Она моргнула, и видение втянулось обратно в глубину, а стекло тут же затянулось, как заживающая темная вода. Но в самой ее сердцевине что-то сдвинулось с сухим треском, с каким раскалывается изнутри перегретый камень. По венам и артериям, вытесняя тепло, потек тяжелый, мертвенный осадок.

Она смотрела в окно и видела уже не себя, а чей-то чужой, идеально исполненный чертеж. Каждый ее изгиб, каждый жест, каждое слово – он высек, отлил и впечатал в нее. Ее жизнь, ее тело, ее мысли – он сделал их самым дорогим из своих вложений.

Тот художник со своими вопросами о дырах… Он ошибся лишь в одном. Он думал, что пустота в ней – ее основание. А на деле пустота была конечным продуктом его селекции. Он выпалывал каждую дикую, упрямую мысль, пока не остался один лишь идеальный, бесплодный цветок для его гербария. И вот теперь ампутированное «я» вернулось, чтобы взглянуть на свое уродливое наследие.

Он ее не родил. Он ее сконструировал. И сейчас она ощутила тот самый холод витринного стекла, которым стала – холод, который рождается, когда стоишь в идеально обставленной комнате собственного дома, в собственном теле, и вдруг понимаешь, что ты здесь гость. Незваный гость.

Это был ужас идеально выращенного в реторте существа, которое впервые поняло, что у него никогда не было матери. Ужас безупречной маски, что впервые ощутила под собой не лицо, а гладкую, холодную изнанку самой себя.

Она безвольно подняла руку – такую же отточенную, с ногтями-щитами алого цвета, – и коснулась кончиком пальца холодного, равнодушного стекла – там, где на миг проступило лицо той девушки с горящими глазами.

Стекло не отвечало.

Она замерла, не убирая руки. Застыла посреди своей безупречной диорамы, экспонат под названием «Счастливая женщина», и вглядывалась в темноту окна, где только что говорила с той, другой. Она сама – ее нет. Есть только безупречно выполненная реплика, не отличимая от оригинала, которого никогда не существовало.

20 Кризис Портрета

Пространство в студии прогоркло. Тлен неудачи, как подземная грибница, пророс сквозь запахи скипидара и льна, источая кислую вонь болотной воды и графитовой пыли сотен разорванных эскизов.
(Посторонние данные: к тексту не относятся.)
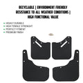 · With Techo's mud flaps, you can drive without worrying about what’s flying up from the road. Here’s what they’ll do for you:

Которую неделю он обитал внутри этого ритуала: каждое утро вера прорастала в нем ядовитым грибом, и его споры разносились по телу, даруя временное онемение. А каждый вечер студия превращалась в гербарий, где он был и сборщиком, и засушенным под прессом экземпляром на холсте.

Илона сидела в кресле. Застывшая. Выверенная. Чужая. Совершенное изваяние, обтянутое кожей, где каждая мышца и жила находились на своем безупречном месте. Для любого художника – дар. Для него – медленное погружение в пытку гладкой поверхностью, высасывавшей из легких сам смысл.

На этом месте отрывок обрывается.